Commençons par le sujet qui fâche et qui fera certainement jaser : la couverture de cet album de musique sacrée, à savoir le buste du chanteur, à nouveau nu, sous les volutes d’un voile sombre. Ce cliché paraît tellement emblématique du marketing à l’oeuvre depuis ses débuts et qui exploite à l’envi les charmes physiques de l’artiste. N’en déplaise à certaines âmes trop charitables et surtout naïves, Jakub Jozef Orliński n’est plus un enfant de chœur et il n’est pas victime, mais complice de ces mises en scène racoleuses. Simple référence à la sculpture, se défend l’intéressé, qui compte de nombreuses figures religieuses ainsi voilées. Le Bernin nous vient bien sûr à l’esprit, même si le ramage du jeune homme évoque davantage les courbes suaves de Canova que la virtuosité expressive du génie baroque, mais le film promotionnel de Warner, dans lequel la caméra détaille amoureusement son torse enlacé par une inconnue, achève de nous convaincre que les producteurs cherchent plutôt à éveiller des « désirs de douce tendresse », pour reprendre les paroles du Christ chez Zelenka (Smanie di dolci affetti). Or, il suffit d’un air, la plage inaugurale du disque, pour ébranler nos préventions et même, contre toute attente, nous subjuguer. Jakub Józef Orliński y est touché par la grâce – des mots imparfaits et souvent galvaudés, mais aucun ne peut traduire ce je ne sais quoi qui fait toute la différence et nous étreint profondément.

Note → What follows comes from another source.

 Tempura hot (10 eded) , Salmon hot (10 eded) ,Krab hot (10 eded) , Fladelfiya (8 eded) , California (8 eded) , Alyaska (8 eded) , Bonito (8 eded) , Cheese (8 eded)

La plupart de ses admirateurs ont découvert le contre-ténor sur la Toile, dans « Vedrò con mio diletto » de Vivaldi, interprété en direct à Aix-en-Provence, mais Philippe Jaroussky avait déjà dépoussiéré ce joyau et Cecilia Bartoli l’a récemment sublimé pour les micros de Decca. En revanche, Jakub Józef Orliński est le premier à enregistrer « Alla gente a Dio diletta » et il restera, n’en doutons pas, associé dans toutes les mémoires à la révélation de cette délicieuse aria napolitaine. Non seulement la partition de Nicola Fago flatte la beauté du timbre, immédiatement reconnaissable, et un bas médium chaleureux, mais la tendre candeur et la simplicité de son interprétation nous désarment. Judicieusement composé et agencé, son premier récital devrait combler les mélomanes exigeants, puisqu’il multiplie les premières mondiales, autant d’inédits qui ont aussi l’avantage d’éviter la comparaison avec d’autres interprètes, contrairement, par exemple, au fameux Nisi Dominus de Vivaldi qu’il ne donne qu’en concert.

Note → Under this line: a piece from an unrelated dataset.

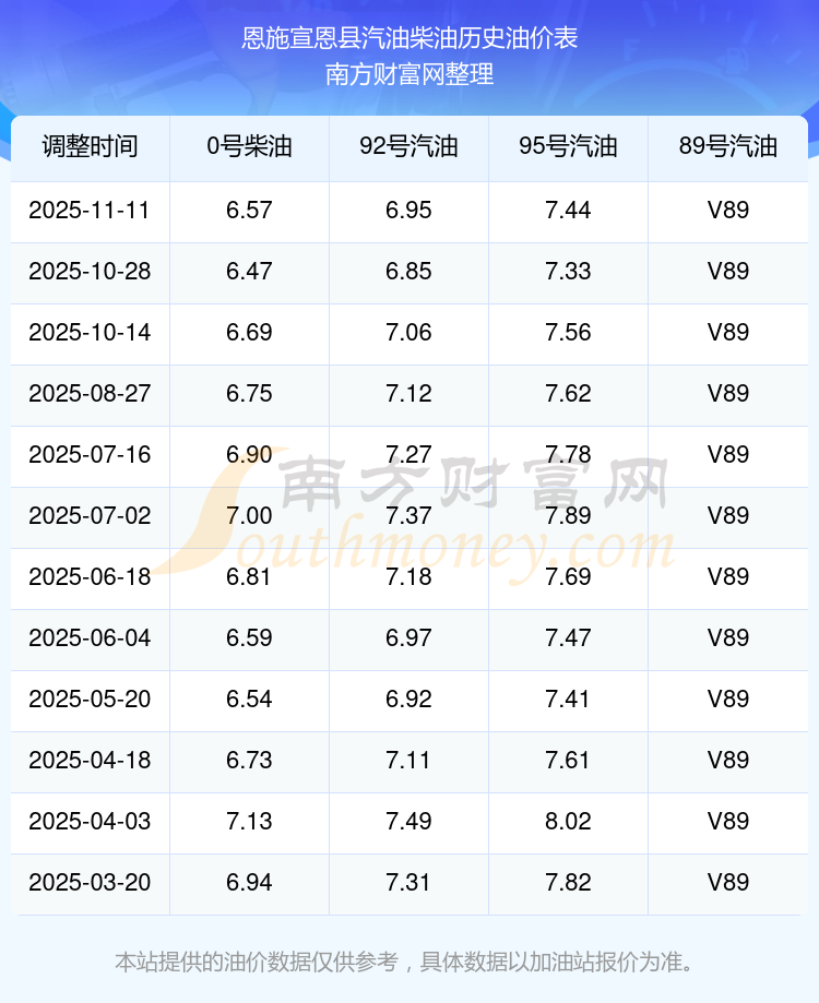以上數(shù)據(jù)僅供參考,請以您所在地區(qū)的加油站實(shí)際售價為準(zhǔn)。南方財富網(wǎng)發(fā)布此信息的目的在于傳播更多信息,對使用該油價信息所導(dǎo)致的結(jié)果概不承擔(dān)責(zé)任。

Le programme a manifestement été calibré pour permettre à l’instrument, fort léger, de déployer ses ailes sans le brutaliser. Malgré ces précautions, les moyens de Jakub Józef Orliński semblent toujours modestes en regard de ceux d’autres contre-ténors, y compris de sa génération. L’émission manque de franchise et la dynamique d’ampleur pour affronter l’écriture tendue et richement contrastée avec laquelle Hasse traduit l’extrême désarroi de Pierre devant la Croix, la crispation de l’aigu ravivant nos inquiétudes. Zelenka et Schiassi requièrent également des couleurs plus vivantes et un engagement plus entier, viscéral. Eclats dramatiques et intensité pathétique ne sont pas pour Orliński ; en revanche, que de finesses dans le Confitebor de Fago ou l’Alma Redemptoris Mater de Heinichen ! La subtilité caractérise, plus que tout, un art sobre mais éminemment suggestif : qu’il s’agisse de phraser, de relancer le discours dans les reprises, de ciseler les mots ou encore de glisser en registre de poitrine, sans heurt mais en exploitant délicatement les changements d’éclairage. Puisse sa technique s’affermir et favoriser l’épanouissement d’une personnalité originale, qui pourrait bien nous surprendre et que nous prendrons plaisir à suivre.